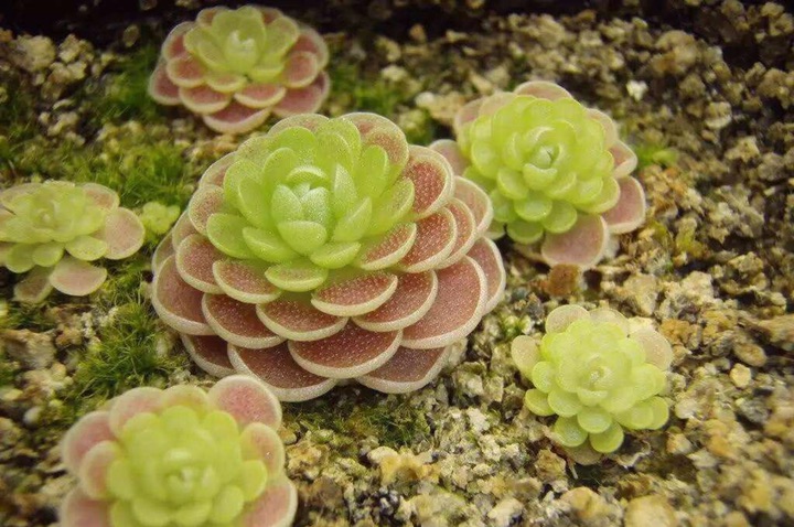 高山捕虫堇(学名:Pinguicula alpina L.)是狸藻科捕虫堇属的一种多年生草本植物,花期5-7月,果期7-9月。这种植物常在中高海拔的阴湿岩壁间或高山杜鹃灌丛下生长。在亚洲、欧洲都有分布,中国在山西、四川、贵州、陕西等省有分布。这种植物能分泌粘液并散发气味诱惑猎物,粘住昆虫后还能分泌消化酶将猎物溶化“吃”掉,因其花朵像一朵朵小莲花,又被称为“美丽杀手”。
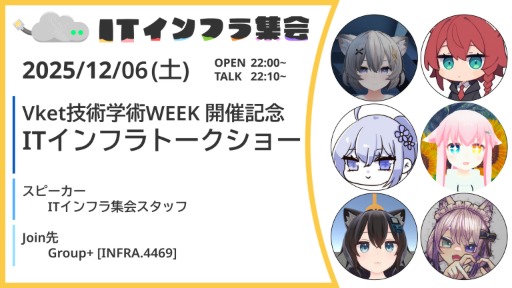 今回はVketとのコラボ回になります! 22:10から「ITインフラ集会スタッフ」による「ITインフラトークショー」があります。 是非気軽にご参加ください!
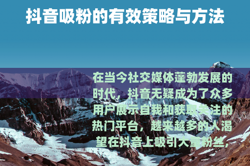 在当今社交媒体蓬勃发展的时代,抖音无疑成为了众多用户展示自我和获取关注的热门平台,越来越多的人渴望在抖音上吸引大量粉丝,实现自己的社交价值和商业目标。
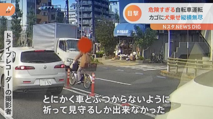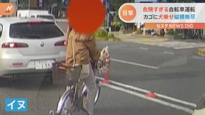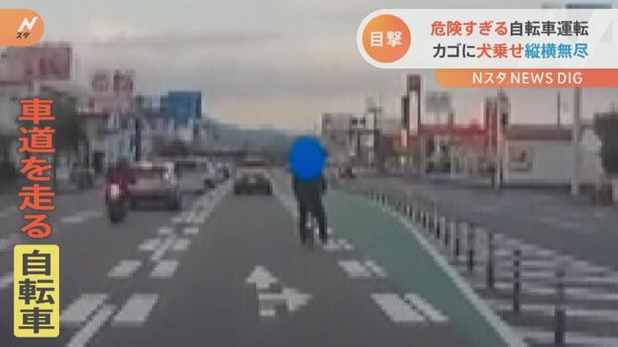 都内で自転車の取り締まりが厳罰化されましたが、危険な走行が後を絶ちません。車道の真ん中を堂々と走行する自転車に、かごに犬を乗せたまますり抜ける自転車。大惨事につながりかねない危険な走行です。
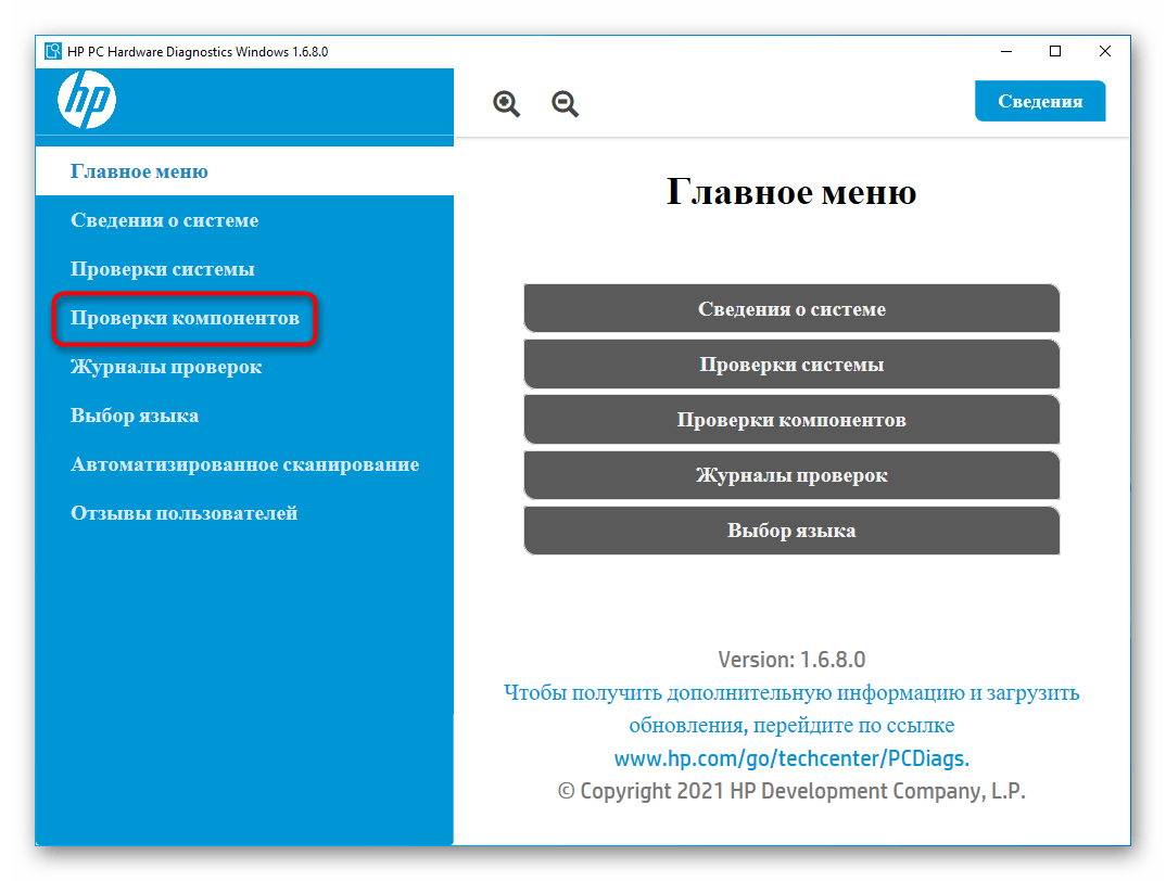 У многих пользователей по умолчанию установлено фирменное программное обеспечение от HP, которое при отсутствии в любой момент можно загрузить с официального сайта. Одна из утилит — HP PC Hardware Diagnostics Windows — проверяет различные комплектующие ноутбука и при обнаружении ошибок выводит информацию о том, как это можно исправить.
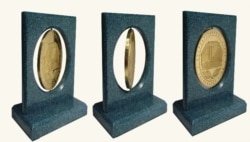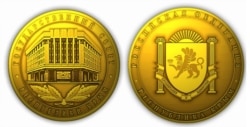 На сувенирных медалях изображена символика Крыма, которая вращается вокруг своей оси на подставке из акрилового искусственного камня.
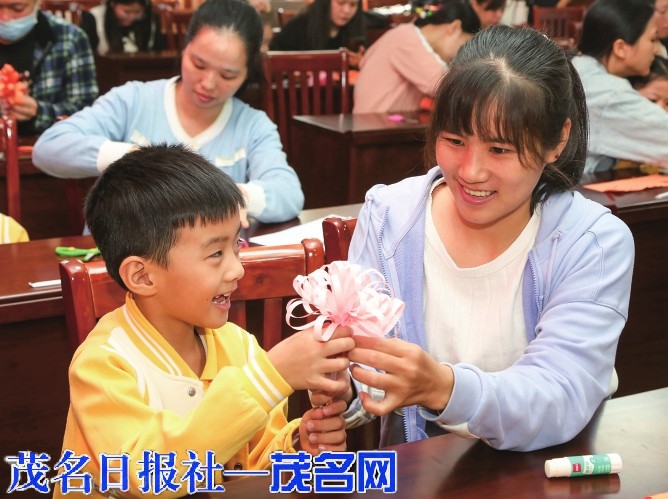 家长和孩子体验制作手工花的乐趣。茂名日报社全媒体记者李颜东摄
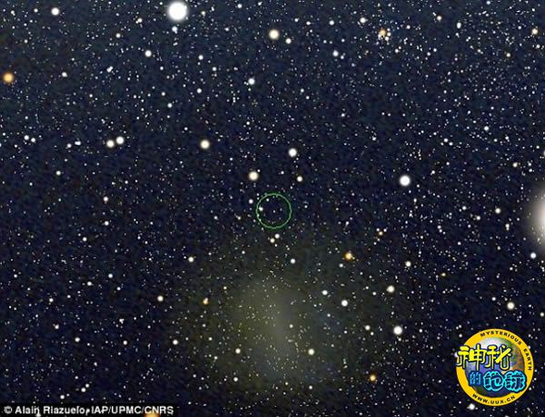 这是大麦哲伦星云未经假想黑洞扭曲作用之前的图像。图中绿圈是假想黑洞的中心位置。
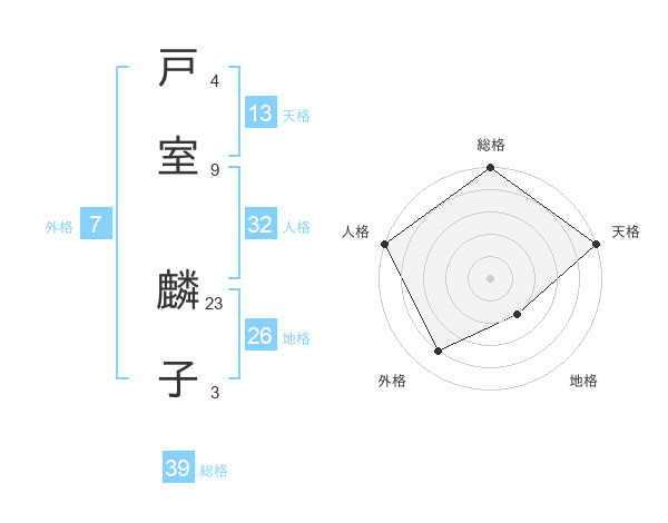 戸室 麟子さんの総格は39画の5点!
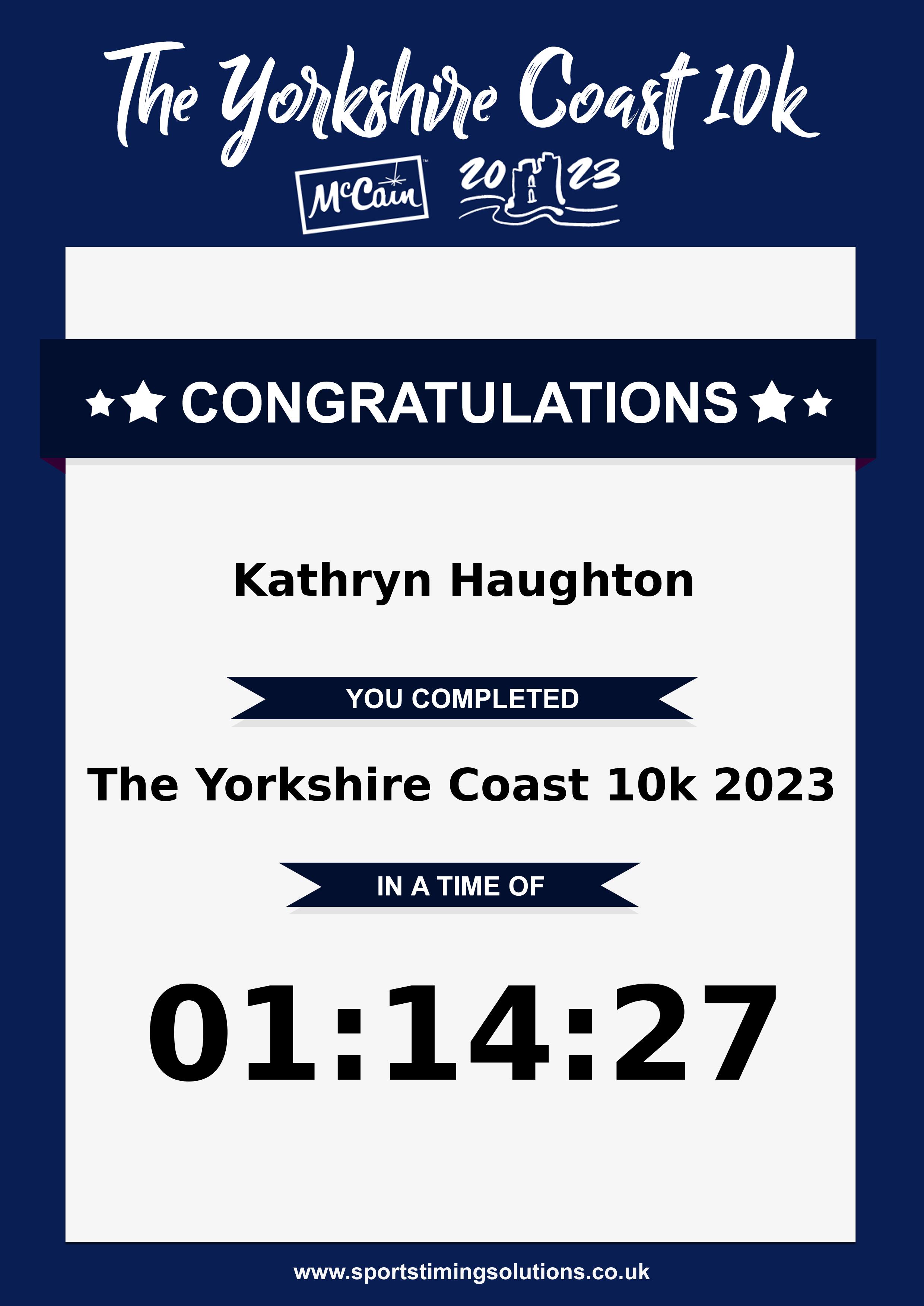Congratulations Kathryn Haughton after completing The Yorkshire Coast 10k 2023 why not remember your accomplishment by purchasing our unique professionally printed, high quality 11oz race results mug. Keep that lasting memory forever. All of our race mugs mugs are personally designed and made to order and ready to deliver within 5–10 business days. Although our mugs are dishwasher safe the high temperatures of the dishwasher can fade the images. We advise handwashing only.Delivery is £3.50 Includes P&P. We only deliver within the UK
========
◆ PROBLEM DETAILS: What is needed is an exact copy of every line from the one with "На сувенирных медалях" to the end of the listing above, with the pictures left out.

◆ ANSWER TO THIS TASK:
 На сувенирных медалях изображена символика Крыма, которая вращается вокруг своей оси на подставке из акрилового искусственного камня.
 家长和孩子体验制作手工花的乐趣。茂名日报社全媒体记者李颜东摄
 这是大麦哲伦星云未经假想黑洞扭曲作用之前的图像。图中绿圈是假想黑洞的中心位置。
 戸室 麟子さんの総格は39画の5点!
Congratulations Kathryn Haughton after completing The Yorkshire Coast 10k 2023 why not remember your accomplishment by purchasing our unique professionally printed, high quality 11oz race results mug. Keep that lasting memory forever. All of our race mugs mugs are personally designed and made to order and ready to deliver within 5–10 business days. Although our mugs are dishwasher safe the high temperatures of the dishwasher can fade the images. We advise handwashing only.Delivery is £3.50 Includes P&P. We only deliver within the UK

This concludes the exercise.